Verify that a runaway process or out-of-memory (OOM) kill in one sandbox doesn't affect neighbors. For microVM-based platforms, the hardware boundary handles this by design. To validate, inject memory exhaustion into one sandbox and confirm that memory event counters in neighboring sandboxes remain unchanged.

Test CPU isolation separately: inject a CPU-saturating process in one sandbox and verify no measurable CPU steal in neighboring workloads. These three checks validate latency, correctness, and security. Passing all three means the environment is ready for production traffic.

Build a production-ready code execution environment for autonomous agents

Getting the execution environment right determines whether agents feel like production software or a demo that happens to be online. Latency ceilings lose users in the first session, and isolation choices decide whether a single exploit reaches customer data. Both lock in at setup, so fixing them later means re-architecting under load.

Blaxel, the perpetual sandbox platform, packages these decisions into one stack. Sandboxes resume from standby in under 25 milliseconds on microVM isolation, and Agents Hosting co-locates the agent's reasoning loop with its execution environment on the same network segment. Teams skip the infrastructure build and focus on agent logic. Book a technical walkthrough at blaxel.ai/contact, or start building with free credits at app.blaxel.ai.

Frequently asked questions

What latency is acceptable for an autonomous agent's code execution environment?

Jakob Nielsen's 100-millisecond instantaneous-response threshold applies here. Agents making five to ten tool calls per turn multiply that budget quickly. For real-time use cases like coding assistants and live previews, keep per-call resume below the instantaneous-response threshold. Background or batch workloads tolerate seconds of startup without degrading user experience, since no user is waiting on a streaming response.

Can I use Docker containers instead of a microVM-based sandbox?

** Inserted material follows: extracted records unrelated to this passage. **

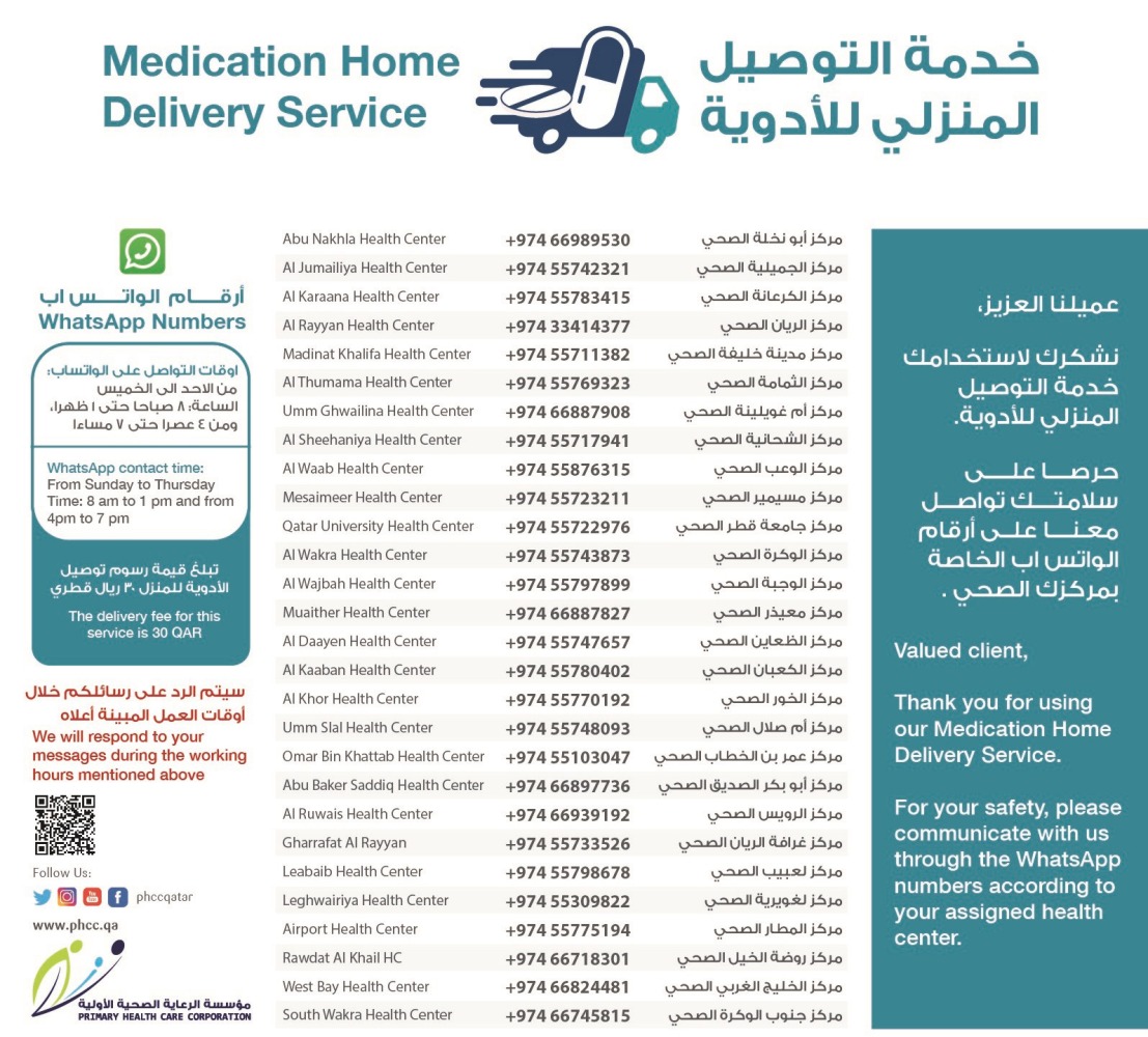 The patient can send a WhatsApp text message with the word “hello” to the number of his health center after which the pharmacist will contact the patient as soon as possible, and then the medicines will be delivered home by Qatar Post within two working days for a fee of QR 30 to be paid to Qatar Post employees when delivering medicines.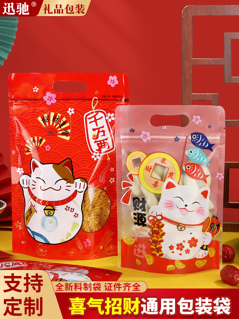 Tas kemasan permen kucing keberuntungan Tahun Baru tas ziplock kue kering kue kering kepingan salju tas tersegel portabel kacang buah kering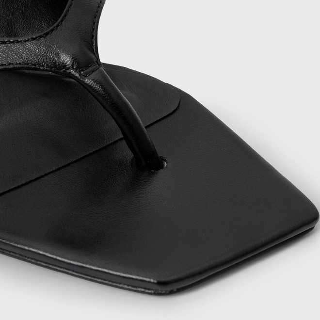 Sandália thong em couro com bico quadrado e salto bloco baixo. Modelo com tiras que separam os dedos e tira no tornozelo que efetua o seu fechamento.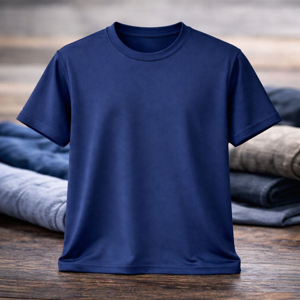 Polyester T-shirt is designed for comfort, durability, and everyday performance. Made from smooth, lightweight polyester fabric, it offers excellent breathability and quick-dry properties, making it ideal for daily wear, sports, or active use. The classic crew neck and short sleeves provide a timeless fit, while the rich blue color adds a clean and modern look. Presented in a flat-lay lifestyle style, the T-shirt highlights its neat stitching and premium fabric finish.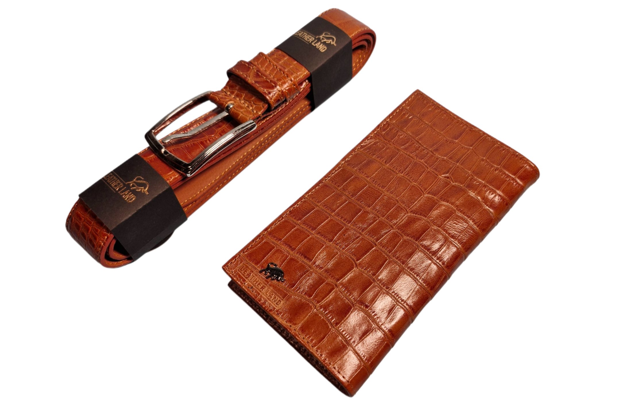 ست هدیه دوتکه عسلی کروکو کیف کتی و کمربند

Containers work for the trusted code your team wrote. For LLM-generated code executing untrusted input, containers carry escape risk because they share the host kernel across all tenants. MicroVMs provide hardware-enforced isolation using the same approach as AWS Lambda. The runc container escape CVEs documented through 2025 show this is a structural risk in the shared-kernel model, which is why production platforms executing agent-generated code typically rely on hypervisor-isolated runtimes.

How do I handle agent tasks that run longer than the sandbox timeout?

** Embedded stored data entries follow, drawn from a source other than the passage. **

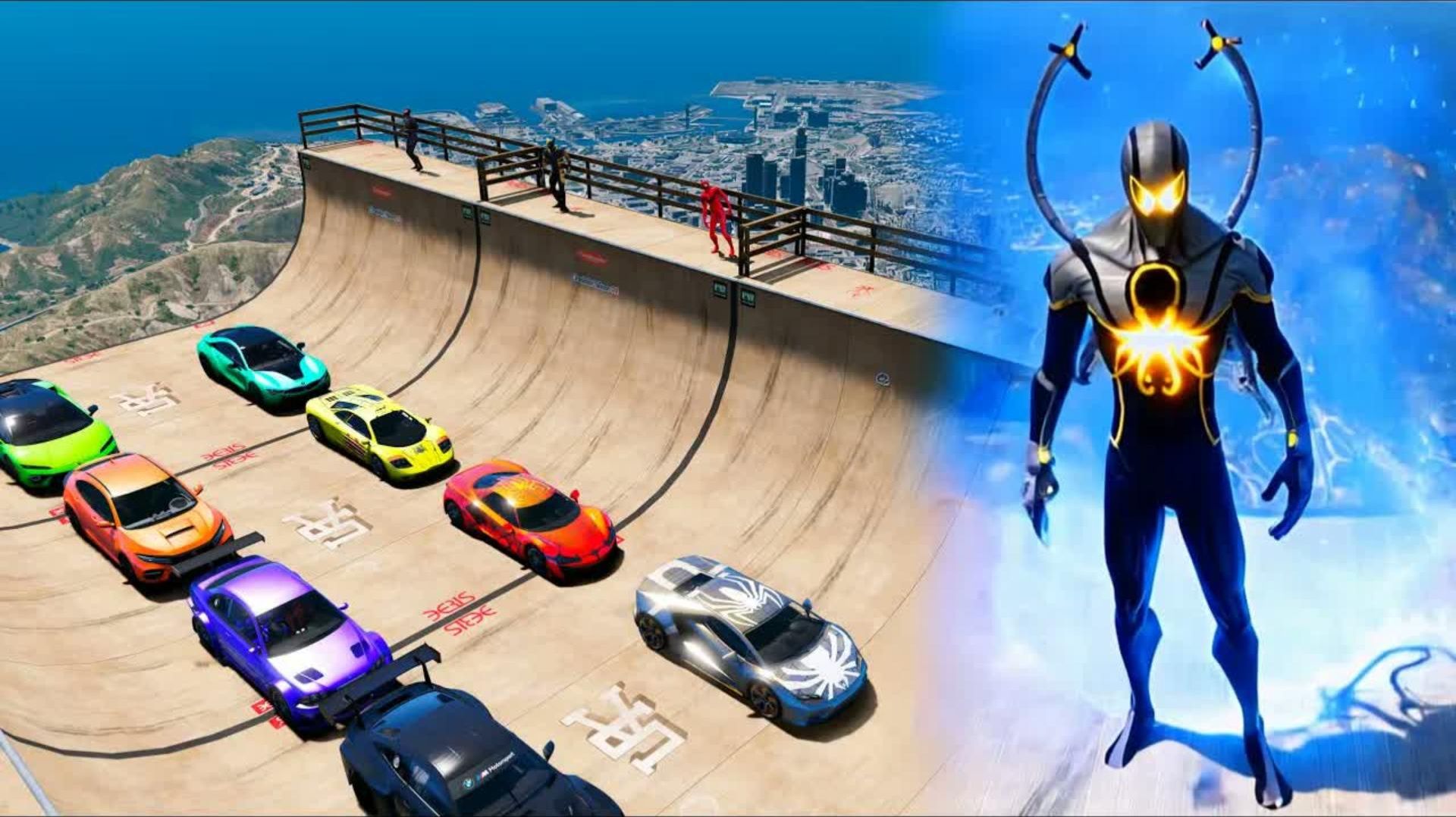 Гонки Машинок в ГТА|СУПЕРГЕРОИ КАТАЮТСЯ НА ТАЧКАХ|МОНСТЫ ПРОТИВ ЧЕЛОВЕКА ПАУКА | КРУТОЙ ТРАМПЛИН 7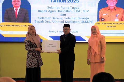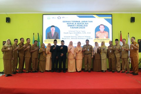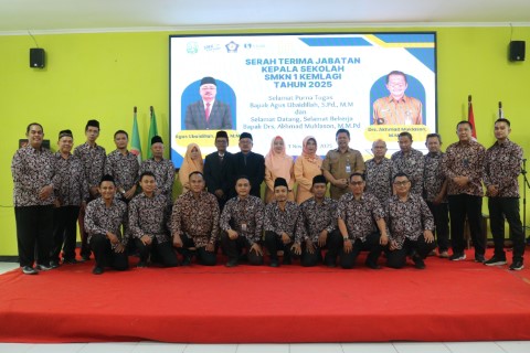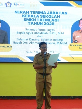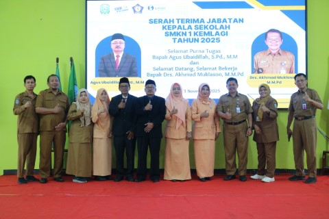 Kemlagi, 3 November 2025 — Suasana hangat dan penuh kekeluargaan menyelimuti aula SMK Negeri 1 Kemlagi saat dilangsungkannya Serah Terima Jabatan (Sertijab) Kepala Sekolah dari Bapak Agus Ubaidillah, S.Pd., M.M. kepada Bapak Drs. Akhmad Muklason, M.M.Pd.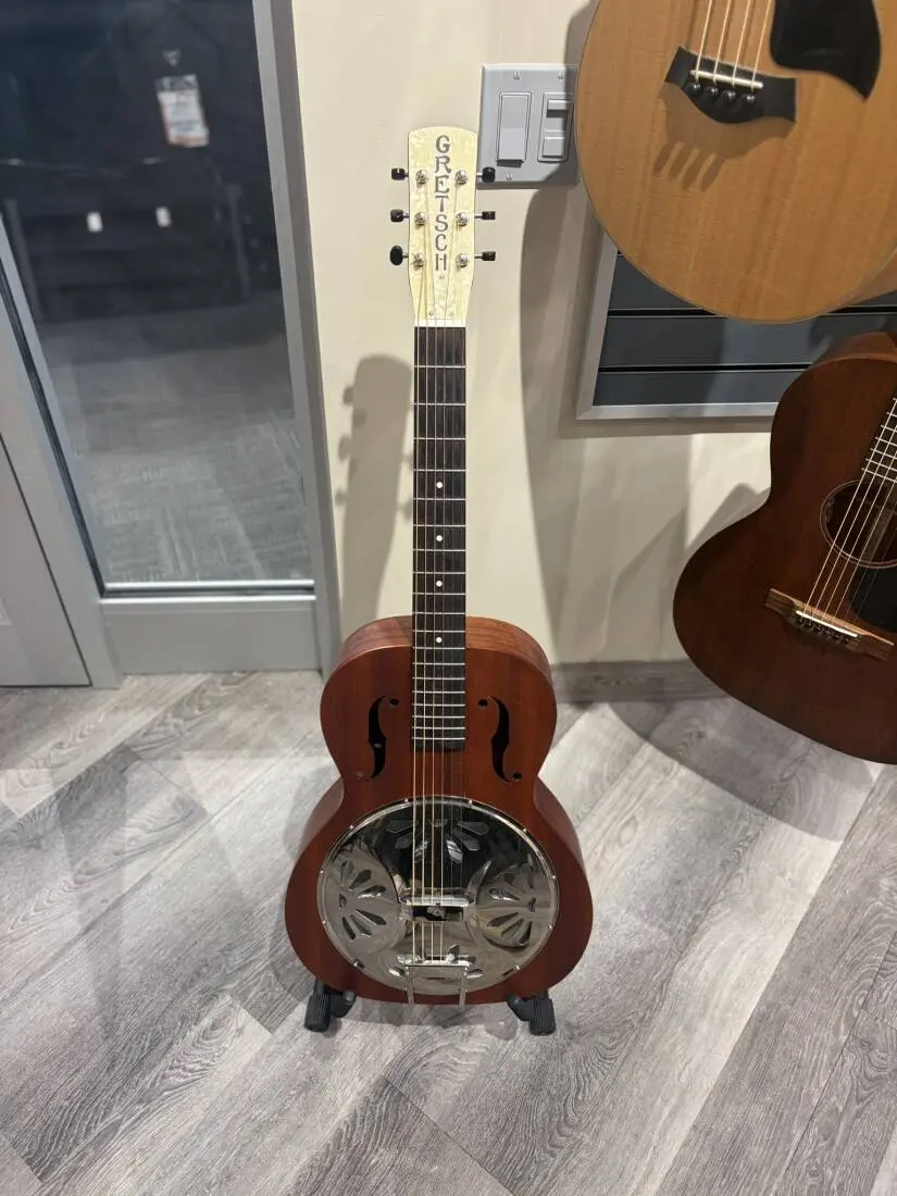 The miracle of volume! With its mahogany "long-body" design and comfortable "soft V"-shaped neck, this faithful reissue of the 1930s classic sounds and plays like a million bucks. The vital feature of all Gretsch resonator guitars is the Gretsch Ampli-Sonic diaphragm (resonator cone), which is hand-spun in Eastern Europe from nearly 99 percent pure aluminum, yielding an impressive quality and volume of tone.

Two patterns cover most cases. Use asynchronous endpoints (up to ten minutes on most managed platforms) when the user waits for a final result but not a streaming response. Use batch jobs for fan-out processing, scheduled analysis, or anything the agent triggers and checks on later. Blaxel's Batch Jobs support up to 24 hours per job and scale to thousands of parallel machines.

Does each agent session need its own sandbox, or can they share?

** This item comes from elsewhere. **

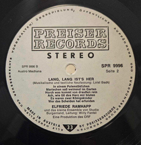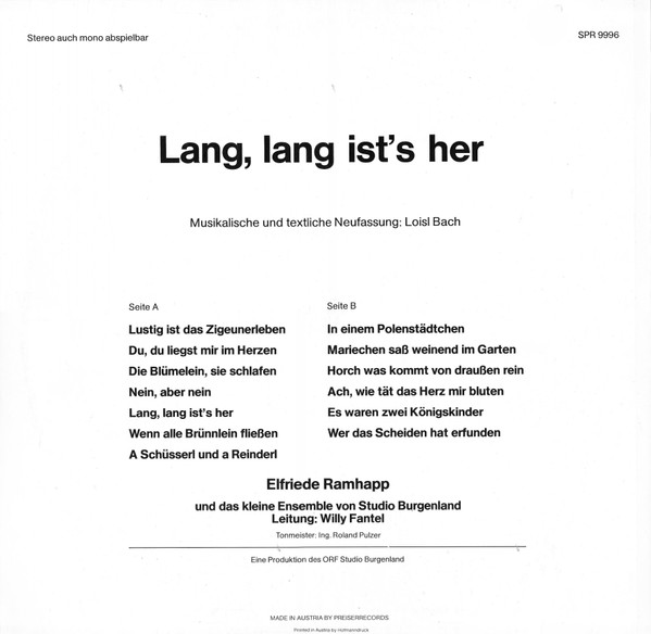 Vinyl / Elfriede Ramhapp - Lang, Lang Ist's Her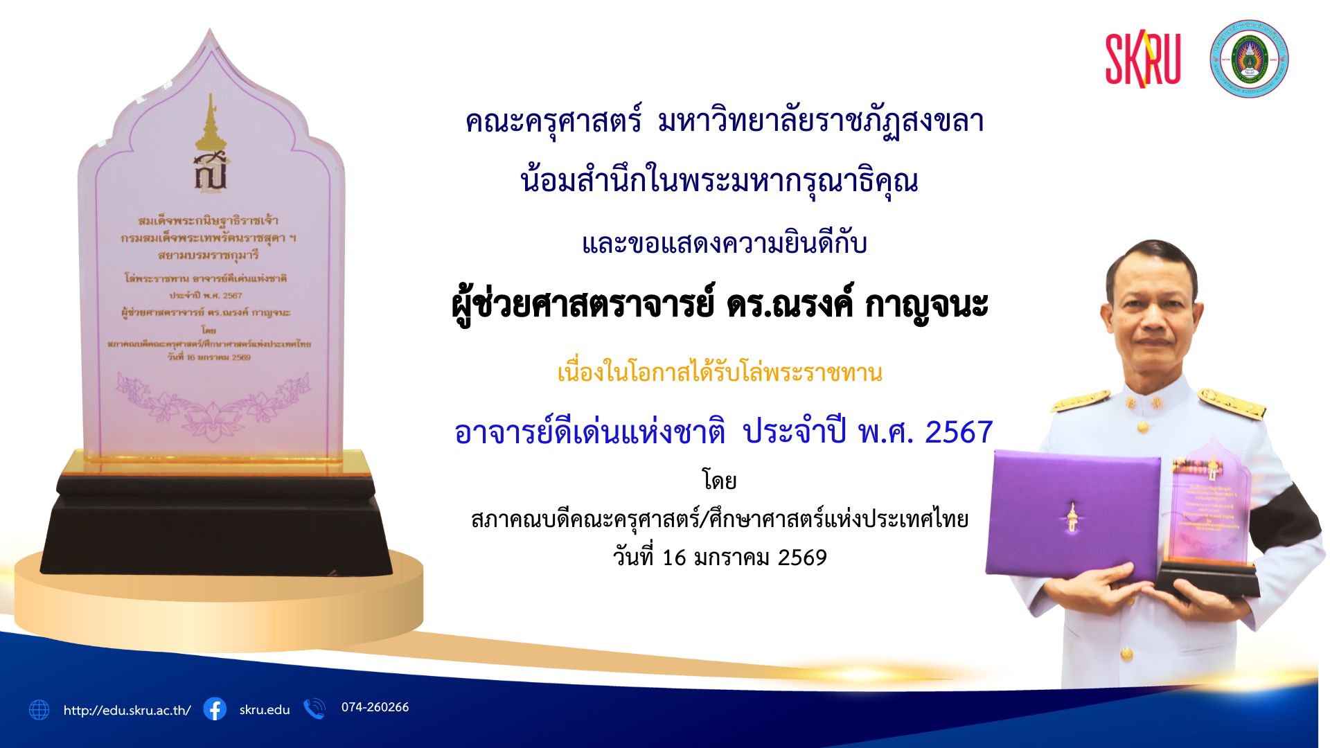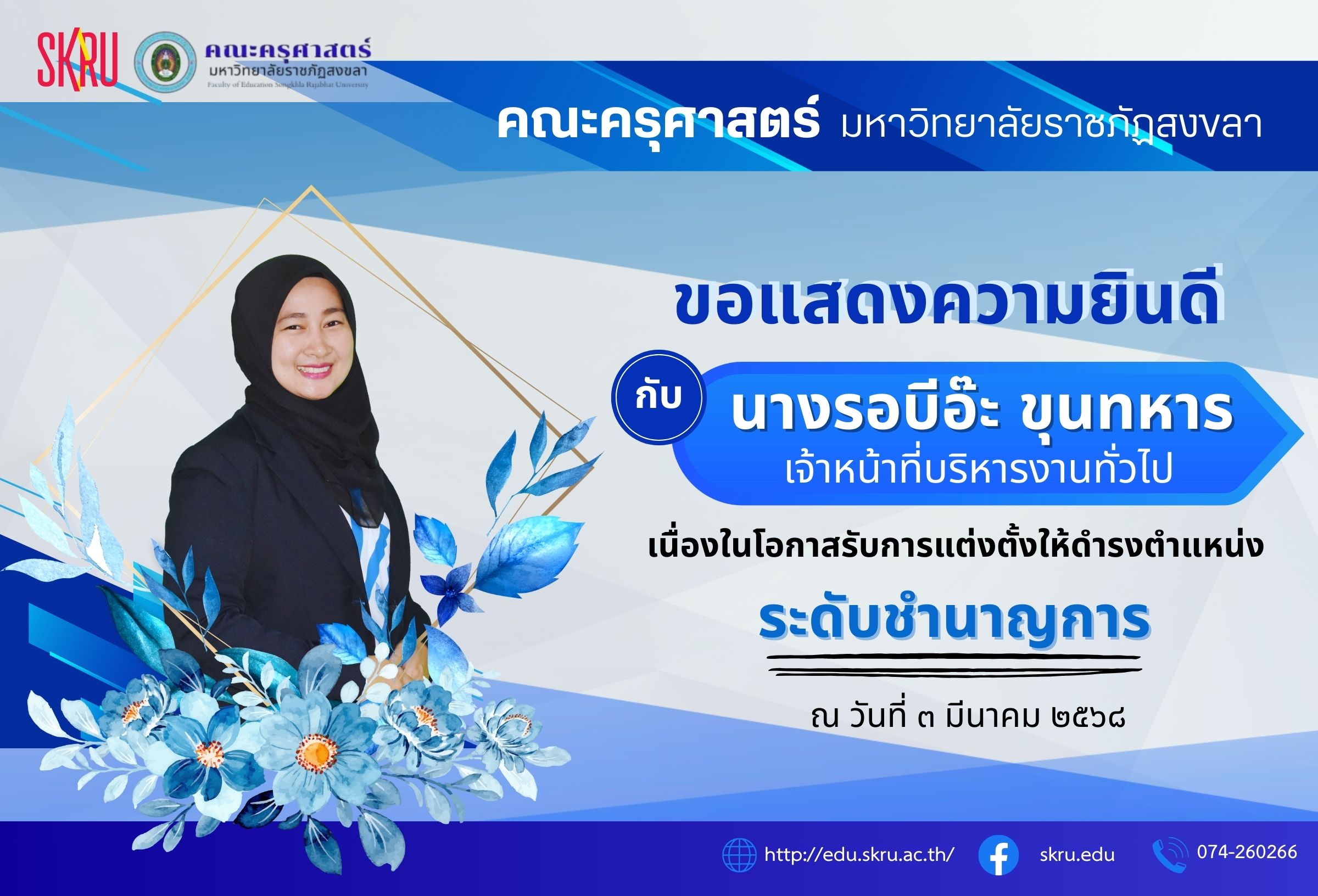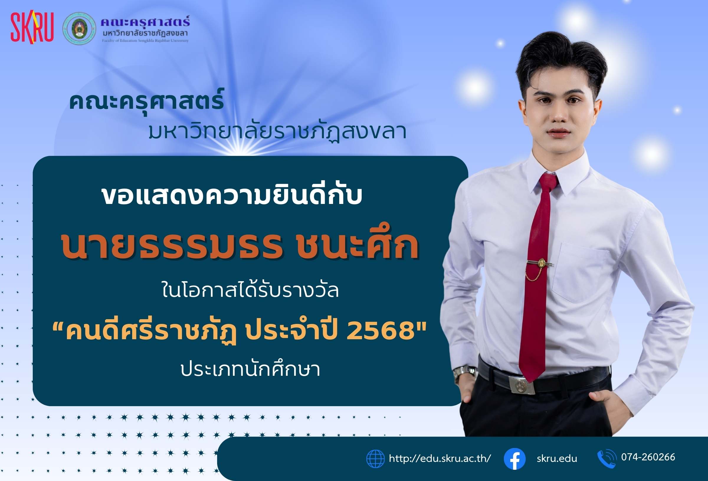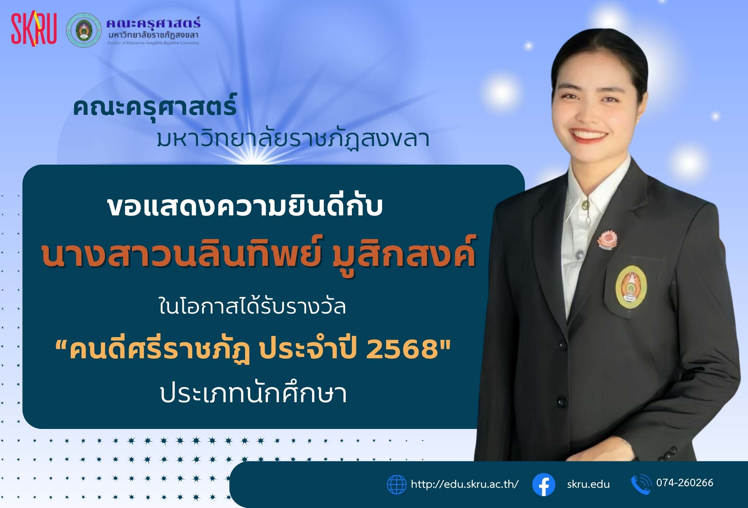 Organized by the Faculty of Education Student Club, the competition took place from October 10-12, 2025, at the Songkhla Rajabhat University sports field. The event featured a creative parade from each discipline and a fun aerobic dance performance before the various sports competitions, which were filled with unity and sportsmanship. The overall results showed that the “Mathematics Department” won first place, reflecting the teamwork, ability, and determination of the outstanding mathematics students in both sports and creativity. This competition aims to promote physical and mental health among students, foster teamwork, and strengthen relationships among students in the Faculty of Education.

Multi-tenant scenarios need per-user or per-session isolation to prevent state leaks and contain security incidents. Shared runtimes create both problems. Perpetual standby makes per-session sandboxes practical because each one sits dormant without active compute charges between tool calls. The sandbox suspends when idle and resumes in under 25 milliseconds on the next call, preserving full state. Isolation no longer forces a choice between security and infrastructure spend. Blaxel Agent Drive, a distributed filesystem with concurrent read/write acces, allows sharing data across multiple sandboxes in real-time.

What languages should my code execution environment support?

Python and TypeScript are the most common languages used with LLM-driven code generation today. Most managed sandbox platforms support both natively. Go is common for SDK-level interaction with the infrastructure itself. For Ruby, Java, or Rust workloads, plan on custom image templates for your sandbox base. Check language coverage on your target platform before committing to a specific runtime.